▸ Records to process:

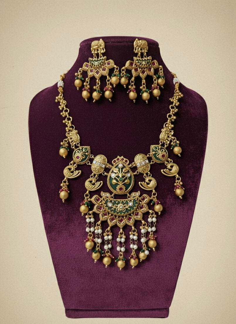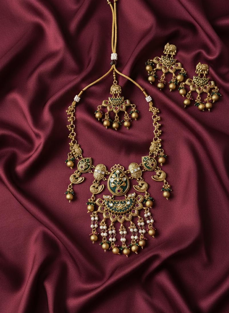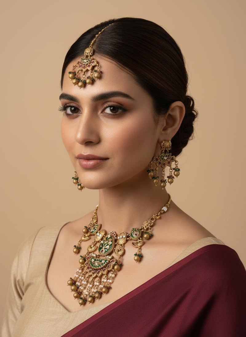 | Complete Bridal Set | Includes matching heavy jhumka-style earrings; ideal for weddings, bridal wear, sarees & silk lehengas |
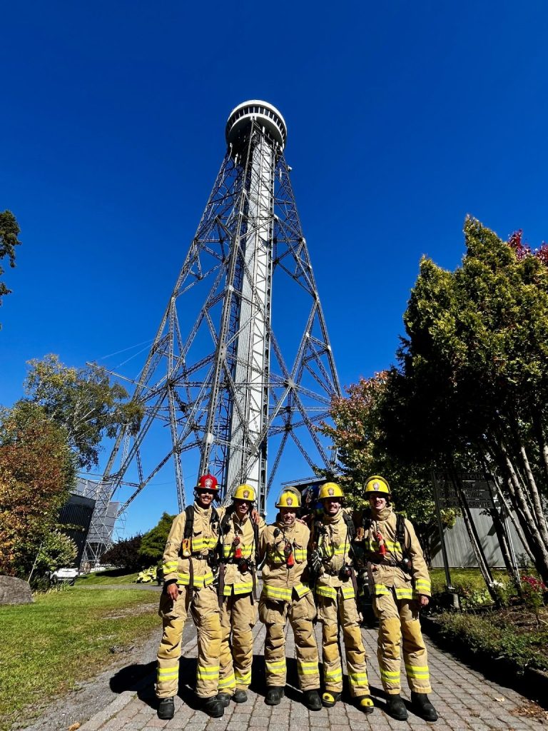 L’escouade composée de Guillaume Bérubé, Maxime Ouellet, Luka Savard, Oussama Refas et Nicolas Denis Desrosiers avait la colossale tâche de grimper au sommet de la tour à deux reprises, pour un total de 1 190 marches.
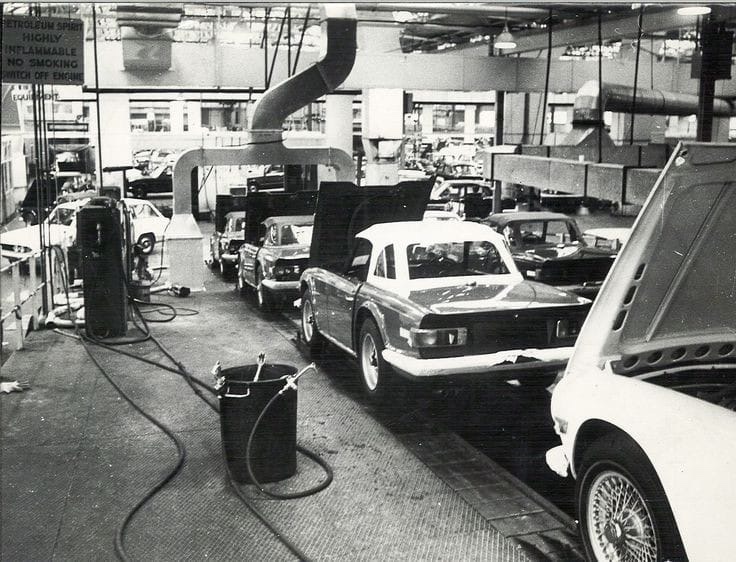 I have a weakness for the Triumph TR6 and this photo shows a batch of them progressing through the manufacturing process.
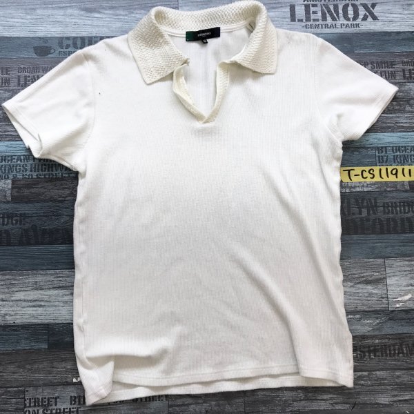 DESIGNWORKS デザインワークス レディース 日本製 オープンカラー ニット 半袖ポロシャツ 46 白 です。
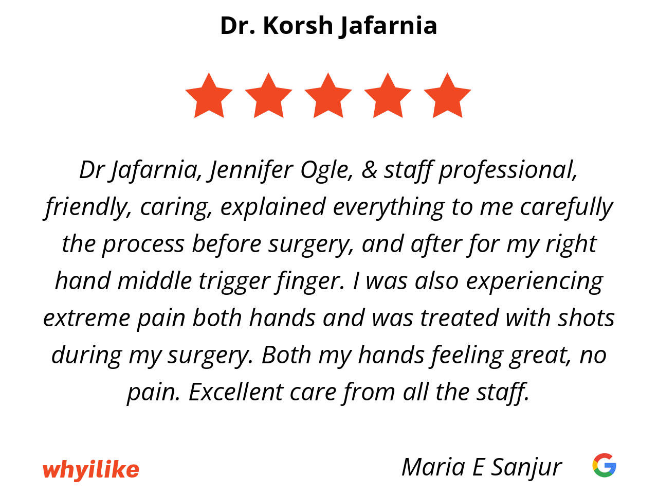 Dr Jafarnia, Jennifer Ogle, & staff professional, friendly, caring, explained everything to me carefully the process before surgery, and after for my right hand middle trigger finger. I was also experiencing extreme pain both hands and was treated with shots during my surgery. Both my hands feeling great, no pain. Excellent care from all the staff.

▸ Problem description:
Images are to be skipped, and each line above is to be returned exactly.

▸ Solved problem:
 | Complete Bridal Set | Includes matching heavy jhumka-style earrings; ideal for weddings, bridal wear, sarees & silk lehengas |
 L’escouade composée de Guillaume Bérubé, Maxime Ouellet, Luka Savard, Oussama Refas et Nicolas Denis Desrosiers avait la colossale tâche de grimper au sommet de la tour à deux reprises, pour un total de 1 190 marches.
 I have a weakness for the Triumph TR6 and this photo shows a batch of them progressing through the manufacturing process.
 DESIGNWORKS デザインワークス レディース 日本製 オープンカラー ニット 半袖ポロシャツ 46 白 です。
 Dr Jafarnia, Jennifer Ogle, & staff professional, friendly, caring, explained everything to me carefully the process before surgery, and after for my right hand middle trigger finger. I was also experiencing extreme pain both hands and was treated with shots during my surgery. Both my hands feeling great, no pain. Excellent care from all the staff.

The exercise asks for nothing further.